Recognition that this punitive system is inherently unjust has pushed criminal justice reform to the forefront of political concern and efforts to take a harder look at the system have gained bipartisan support.[9] On October 22, 2015, the Senate Judiciary Committee passing The Sentencing Reform and Corrections Act of 2015 (Act).[10] Officials have learned that they “cannot imprison [their] way to safety,” and the bill makes “important strides to address the most egregious mandatory minimum sentences for low-level drug offenders.”[11] The Act sets forth measures that will reduce mandatory sentence requirements for certain types of offenses, sets up minimum sentencing for certain types of offenses, requires recidivism reduction programming, and creates programs for support after release.[12]  While these changes will only apply to prisoners being held in federal facilities, its proposed retroactive nature alone would apply to over 6,500 people.[13] It not only reduces the base maximum sentencing, but it also allows for greater judicial discretion in sentencing determinations.[14] However, the Act does create minimum sentencing requirements for interstate domestic violence and providing terrorists with defense materials.[15]

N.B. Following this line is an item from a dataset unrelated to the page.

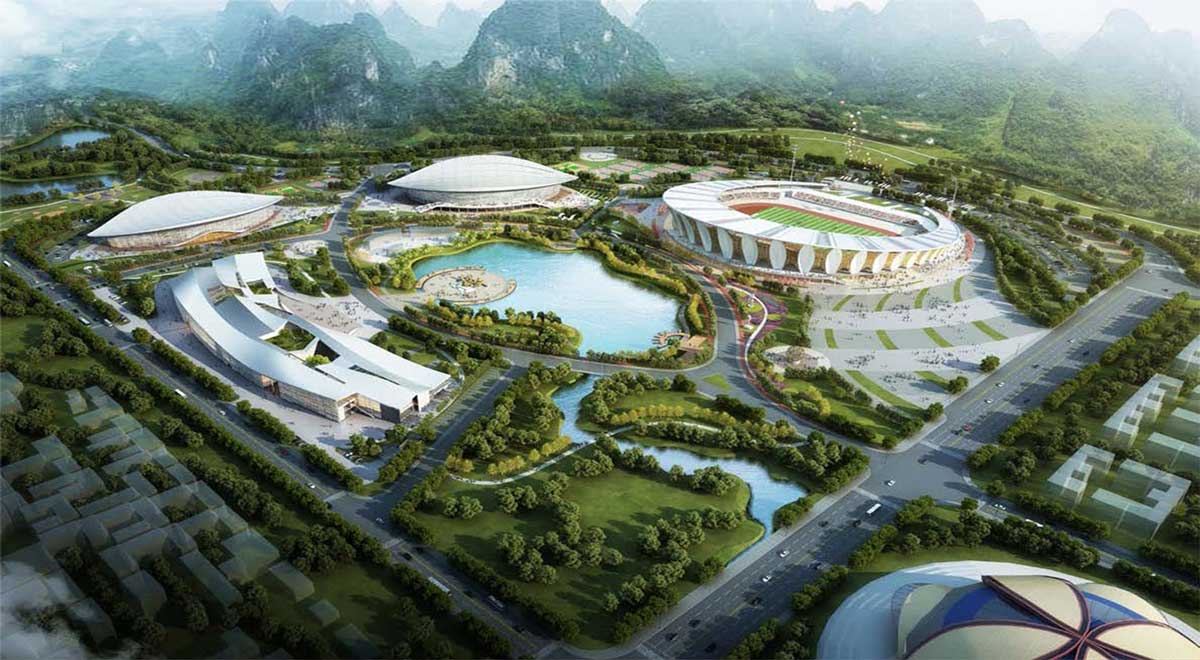 項目位于廣西壯族自治區靖西市,公園主要建設內容有文化三館、健身館、游泳館、體育館等。博大此次中標的是文化三館和健身館幕墻工程。

It is rare that popular and political interests align and move Congress. Capitalizing on bipartisan momentum is important, as interest could fade and the opportunity could slip away.[16] This is what happened in 2007, when the Employment Non-Discrimination Act (ENDA) hit Congress at a time when the LGBT community had popular and political support. The legislation was meant to create protections against employment discrimination based on sexual orientation. It passed the House and nearly passed in the Senate, losing in a 49-50 vote only because of the transgendered community’s withdrawal of support; but subsequent attempts to introduce the bill have proven unfruitful.[17]

Even with all of its support, the Act does cause concern for some and its passage is time critical. With presidential and bipartisan support for criminal justice reform, it is likely that this bill will pass in the Senate.[18] Congressman Bob Goodlatte has introduced a companion legislation, and it was passed through the House Judiciary Committee on November 16, 2015.[19] However, the upcoming federal election year threatens to cause reform to stall and potentially to cease.[20] It is inevitable that candidates will begin to litter the elections with political jargon on various hot button issues. It is anticipated that Republican candidates will use fear mongering by supposing that any level of criminal justice reform will lead to a rise in the crime rate.[21] If the Act does not pass before campaign season there is a chance it may share the same unfortunate fate as ENDA. The question then turns on whether or not the bill has enough support to move swiftly through Congress.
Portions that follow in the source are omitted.